Note: This bug is displayed in read-only format because the product is no longer active in Red Hat Bugzilla.

Bug 745867 (EDG-120)

Summary:	HotRod: InvalidResponseException:: Invalid message id. Expected cfec and received 84b6>
Product:	[JBoss] JBoss Data Grid 5	Reporter:	Radoslav Husar <rhusar>
Component:	Infinispan	Assignee:	Default User <jbpapp-maint>
Status:	CLOSED NEXTRELEASE	QA Contact:
Severity:	urgent	Docs Contact:
Priority:	urgent
Version:	EAP 5.1.0 EDG TP	CC:	galder.zamarreno, mlinhard, rachmato, rhusar, trustin
Target Milestone:	---
Target Release:	EAP 5.1.0 EDG TP
Hardware:	Unspecified
OS:	Unspecified
URL:	http://jira.jboss.org/jira/browse/EDG-120
Whiteboard:
Fixed In Version:		Doc Type:	Bug Fix
Doc Text:		Story Points:	---
Clone Of:		Environment:
Last Closed:	2011-08-03 08:34:09 UTC	Type:	Bug
Regression:	---	Mount Type:	---
Documentation:	---	CRM:
Verified Versions:		Category:	---
oVirt Team:	---	RHEL 7.3 requirements from Atomic Host:
Cloudforms Team:	---	Target Upstream Version:
Embargoed:

Description Radoslav Husar 2011-03-16 14:43:19 UTC

project_key: EDG

Occured when bringing up a failed node.


{code}
&lt;org.infinispan.client.hotrod.exceptions.InvalidResponseException:: Invalid message id. Expected cfec and received 84b6>
        org.infinispan.client.hotrod.exceptions.InvalidResponseException:: Invalid message id. Expected cfec and received 84b6
	at org.infinispan.client.hotrod.impl.operations.HotRodOperation.readHeaderAndValidate(HotRodOperation.java:90)
	at org.infinispan.client.hotrod.impl.operations.AbstractKeyValueOperation.sendPutOperation(AbstractKeyValueOperation.java:48)
	at org.infinispan.client.hotrod.impl.operations.PutOperation.executeOperation(PutOperation.java:27)
	at org.infinispan.client.hotrod.impl.operations.RetryOnFailureOperation.execute(RetryOnFailureOperation.java:38)
	at org.infinispan.client.hotrod.impl.RemoteCacheImpl.put(RemoteCacheImpl.java:178)
	at org.infinispan.CacheSupport.put(CacheSupport.java:28)
	at org.jboss.smartfrog.edg.adapter.HotRodAdapter$HotRodRemoteCacheAdapter.put(HotRodAdapter.java:150)
	at org.jboss.smartfrog.edg.loaddriver.CacheRequestProcessorFactory$InfinispanRequestProcessor.processRequest(CacheRequestProcessorFactory.java:163)
	at org.jboss.smartfrog.loaddriver.CompoundRequestProcessorFactoryImpl$CompoundRequestProcessor.processRequest(CompoundRequestProcessorFactoryImpl.java:51)
	at org.jboss.smartfrog.loaddriver.Runner.run(Runner.java:87)
	at java.lang.Thread.run(Thread.java:662)
{code}

Comment 1 Radoslav Husar 2011-03-16 14:48:01 UTC

Link: Added: This issue is incorporated by JBPAPP-6054

Comment 2 Galder Zamarreño 2011-03-16 14:50:04 UTC

I'd suggest doing the same thing as for JBPAPP-6051 - get some TRACE logs on client and server side to figure this out.

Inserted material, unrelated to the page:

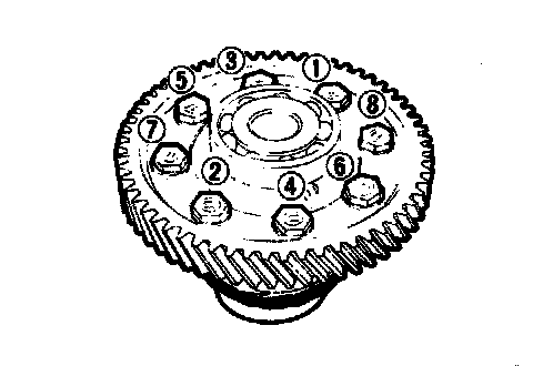 (1) Apply automatic transmission fluid to the bolts and tighten the bolts to the specified torque in the sequence shown in the illustration.

Comment 3 Michal Linhard 2011-03-29 11:58:24 UTC

some more occurences:
http://hudson.qa.jboss.com/hudson/view/EDG/job/edg-51x-stress-client-size1-hotrod/31/console-perf09/consoleText
http://hudson.qa.jboss.com/hudson/job/edg-51x-stress-client-size8-hotrod/4/console-perf02/consoleText

Comment 4 Galder Zamarreño 2011-03-30 08:45:19 UTC

Michal, it's very interesting that you see it even when cluster size is 1. That should make it easier to debug. Let me look at those files.

Comment 6 Radoslav Husar 2011-03-30 15:06:02 UTC

@Galder Got it! http://reports.qa.atl.jboss.com/~rhusar/logs/edg-51x-resilience-client-size4-hotrod-44.zip - 40 occurences.

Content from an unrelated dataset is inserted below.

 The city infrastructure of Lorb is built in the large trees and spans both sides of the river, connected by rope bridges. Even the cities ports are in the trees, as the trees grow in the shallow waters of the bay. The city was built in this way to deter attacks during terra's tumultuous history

Comment 7 Galder Zamarreño 2011-03-31 09:17:43 UTC

Right, I think the issue is happening as a result of a failure to update the hash view on the server side. For example:

{code}2011/03/30 09:39:46:213 EDT [WARN ][Runner - 0] HOST perf01.mw.lab.eng.bos.redhat.com:rootProcess:E - Error sampling data:  <org.infinispan.client.hotrod.exceptions.InvalidResponseException:: Invalid message id. Expected ce0 and received 0>
        org.infinispan.client.hotrod.exceptions.InvalidResponseException:: Invalid message id. Expected ce0 and received 0{code}

It's expecting messageId=3296 but got something else and on the server side you see:

{code}[JBoss] 09:39:36,192 TRACE [HotRodEncoder$] Encode msg GetResponse{messageId=3296, operation=GetResponse, status=Success, data=ByteArray{size=505, hashCode=18e5b891, array=[2, 67, 1, -12, 33, 0, 0, 0, 0, -1, ..]}}
...
[JBoss] 09:39:46,193 ERROR [InvocationContextInterceptor] Execution error: 
[JBoss] org.infinispan.util.concurrent.TimeoutException: Unable to acquire lock after [10 seconds] on key [view] for requestor [Thread[OOB-15,null,5,Thread Pools]]! Lock held by [(another thread)]{code}

Rado, you guys might wanna add thread log information to the logs to make things clearer but it's fairly clear that the server could not replace the view and that caused the issues here. I'll create a JIRA on ISPN to look into this.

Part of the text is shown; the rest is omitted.